Ao lado, fizera-se uma horta onde despontavam alfaces, couves e cenouras. Os resultados finais foram negativos, porque e a meu ver, especialista que fui em nabos e na produção de tomates, o terreno era ensopado pelas águas do Cacheu e estas traziam resquícios de sal marinho.

À volta do hotel e para lá das redes do arame farpado, a área capinada fora aumentada e as vistas estavam soberbas.
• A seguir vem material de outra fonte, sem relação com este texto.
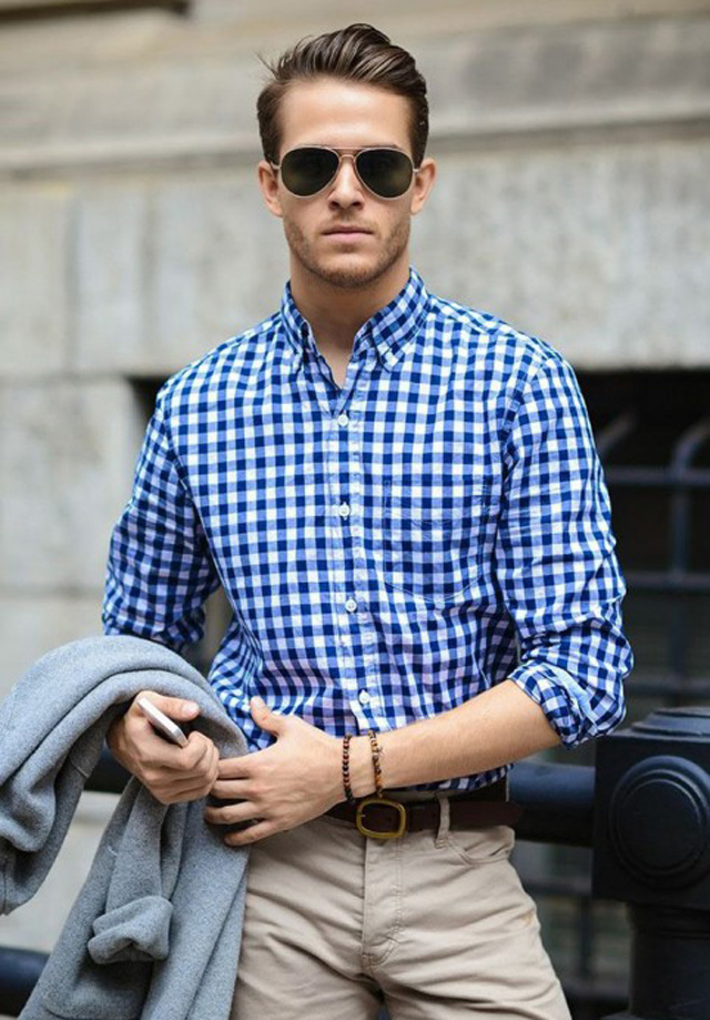 Một chiếc sơ mi caro màu xanh nhã nhặn là vô cùng thích hợp để chàng diện ngay trong những ngày xuân ấm áp.
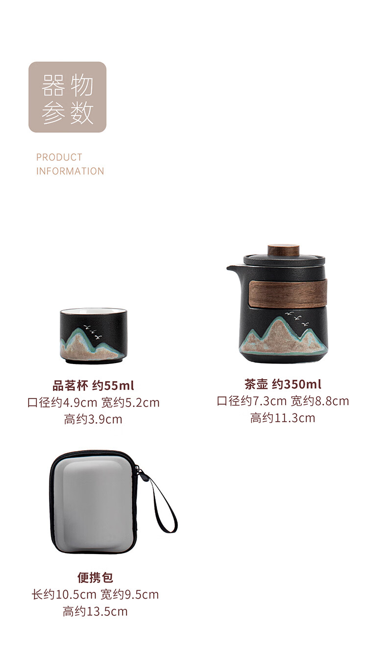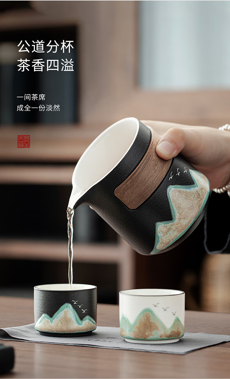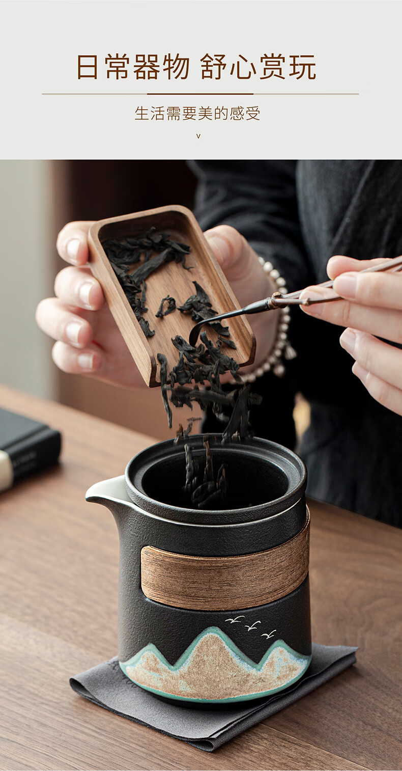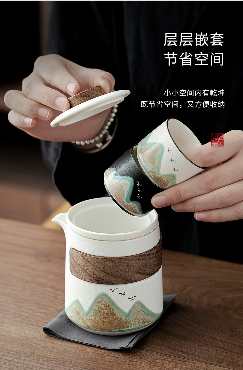 Tangfeng travel tea set, one pot and two cups, outdoor travel portable quick cup, birthday gift for elders, business souvenir, Yahei Qianli Jiangshan quick cup (with filter)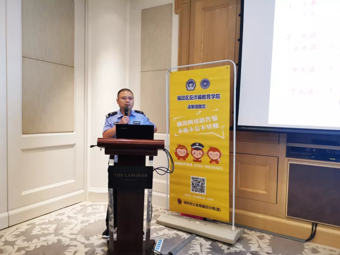 8月12日,福田區(qū)反詐騙教育學(xué)院系列第48場公開課走進(jìn)香蜜湖派出所轄區(qū)東海朗庭酒店,第37場宣傳活動走進(jìn)福田派出所轄區(qū)翰森大廈。(兩次活動覆蓋附近商戶及企業(yè)員工近300人。累計(jì)目前為止,共走進(jìn)6234家企業(yè)及商戶。)

Pena que os passeios a rodear as suites, continuavam feitos lamaçal e mais ainda agora, graças à bendita chuva de quentes águas, própria da época iniciada e que durará até lá para Oitembro, mas que me permitirá tomar grandes banhos ao ar livre, comungando com a natureza e utilizando o Lifebuoy que ainda uso, salvo um dia antes de ir ao barbeiro, pois que ele costumava dizer-me:
- A sua cabeça cheira a cão.

E pronto, despeço-me até "ao meu regresso".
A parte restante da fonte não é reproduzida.